If you need to recruit someone fast, use an agency. If you need to recruit someone great, head to your local coffee shop. Why? Because it’s a great place to see people under pressure learning new skills in a customer facing team. Sure, it’s not rocket science, but making a perfect coffee requires you to learn a specific set of skills and master them at speed, whilst all the time building and maintaining a relationship with your co-workers and customers. You don’t have to be friendly under pressure to do the job, but the really good people easily stand out.
And you can go back day after day to see people in action. You see, for many mid level management roles, the right person is probably more important than the right skills, at least to start with. The type of person who can learn new skills and, importantly, build great relationships.
When i picked up my coffee this morning, heading for the train, running slightly late, slightly grumpy and dishevelled, i doubt that i was the best company. But, as usual, there was a smile, a conversation and a great coffee waiting. It’s an interesting crossover situation between the formal transaction of a purchase and the social dynamics that make me go back there day after day. That’s a pretty magical mixture, both for sales and for management: building relationships that are magnetic, making people want to work with you.
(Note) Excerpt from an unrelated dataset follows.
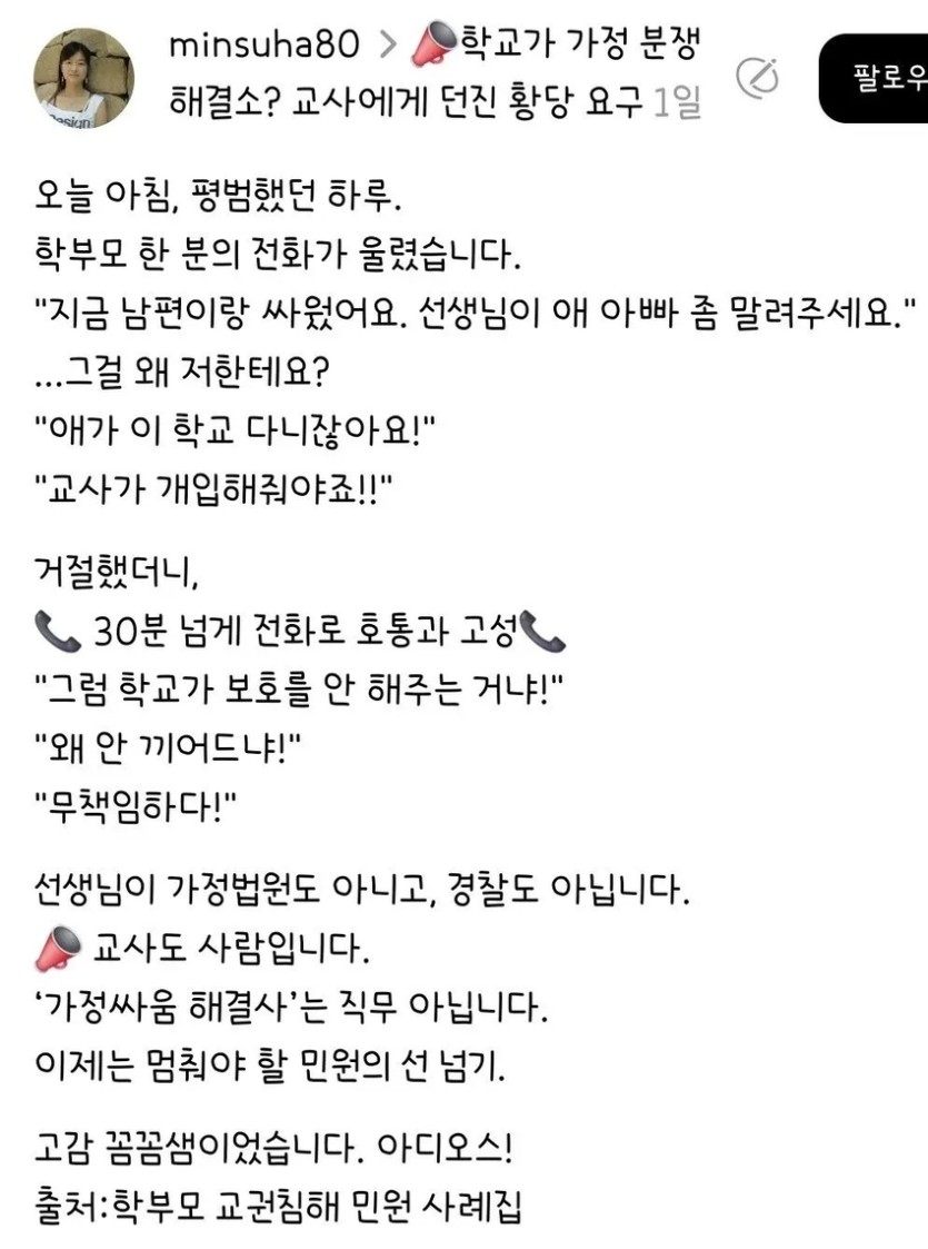 지금 남편이랑 싸웠어요. 선생님이 애 아빠좀 말려주세요

Reading a cv and interviewing someone is a fine way to watch them perform their rehearsed and moderated act, but seeing someone perform live, that’s a whole different thing. The networked knowledge economy rewards agile performers, people who can adapt: it’s less about turning up on your first day with all the skills in place, more about knowing how to find things out, build relationships and adapt.
As we adopt progressively greater levels of social learning at work, so we should explore more social ways of recruiting, of developing and strengthening our teams. In the networked world, we can find great people in all sorts of places.